John Cusack: Barack Obama is 'as bad or worse' than George W Bush
The actor has attacked the incumbent president’s approach to civil liberties and his foreign policy, saying he has extended Bush’s wars
John Cusack, the actor, writer and – increasingly – political pundit, has said Barack Obama is “as bad or worse” than George W Bush when it comes to issues such as the NSA, freedom of the press, civil liberties and drone strikes.
“Obama has extended and hardened the cement on a lot of Bush’s post-9/11 Terror Inc policies, so he’s very similar to Bush in every way that way,” he told the Daily Beast.
“He hasn’t started as many wars, but he’s extended the ones we had, and I don’t even think Dick Cheney or Richard Nixon would say the president has the right to unilaterally decide whom he can kill around the world.”
Cusack, who has described Obama’s domestic social policy as “much better”, has been a vocal opponent of the president’s foreign policy for much of his term in office. In 2012, he published an interview with Jonathan Turley, professor of law at the George Washington University law school, which he prefaced with his thoughts on US military intervention in Afghanistan and drone strikes in Pakistan.

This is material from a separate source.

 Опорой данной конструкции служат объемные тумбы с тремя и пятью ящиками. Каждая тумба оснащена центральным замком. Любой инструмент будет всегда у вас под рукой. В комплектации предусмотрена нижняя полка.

“One is forced to ask the question: is the president just another Ivy League asshole shredding civil liberties and due process and sending people to die in some shithole for purely political reasons?” he wrote.

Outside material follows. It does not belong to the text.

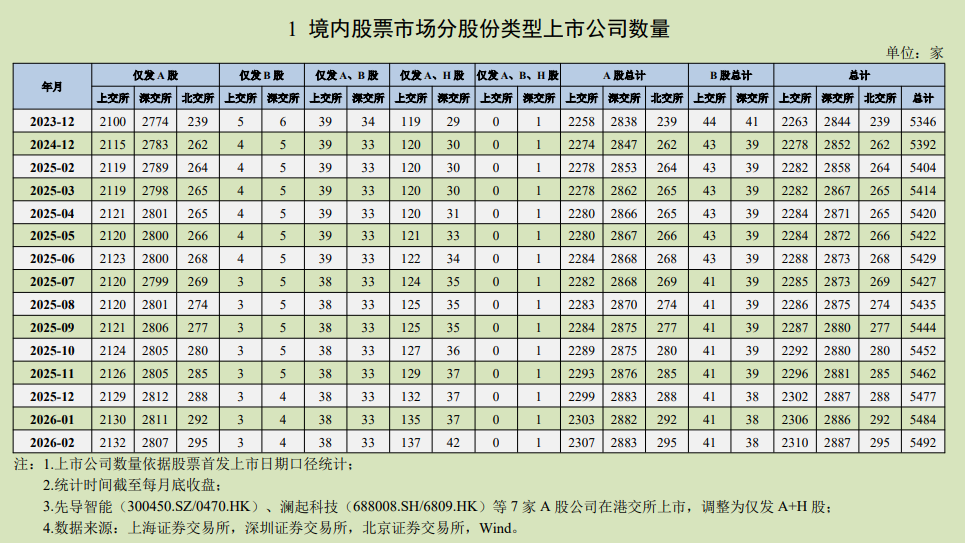 3月25日,中国上市公司协会官网披露2026年2月统计月报。数据显示,截至2026年2月底,境内股票市场共有上市公司5492家,其中上交所2310家、深交所2887家、北交所295家。

The actor has long been a champion of press freedom and sits on the board of the non-profit Freedom of the Press Foundation. One of his fellow board members is the NSA whistleblower Edward Snowden. Closer to home, he has attacked the film industry for its attitude towards female stars, describing Hollywood as “a whorehouse”.

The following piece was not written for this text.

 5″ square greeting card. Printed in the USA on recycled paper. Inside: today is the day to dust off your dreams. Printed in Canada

“I have actress friends who are being put out to pasture at 29,” he told the Guardian last year. “They just want to open up another can of hot 22. It’s becoming almost like kiddie porn. It’s fucking weird.”
Cusack next appears in Love & Mercy, a biopic of the Beach Boys’ Brian Wilson, directed by Bill Pohlad. Paul Dano plays Wilson in the midst of recording the group’s seminal album, Pet Sounds, and Cusack plays him in later life, when he was isolated following drug rehab and under the powerful influence of his abusive therapist Eugene Landy.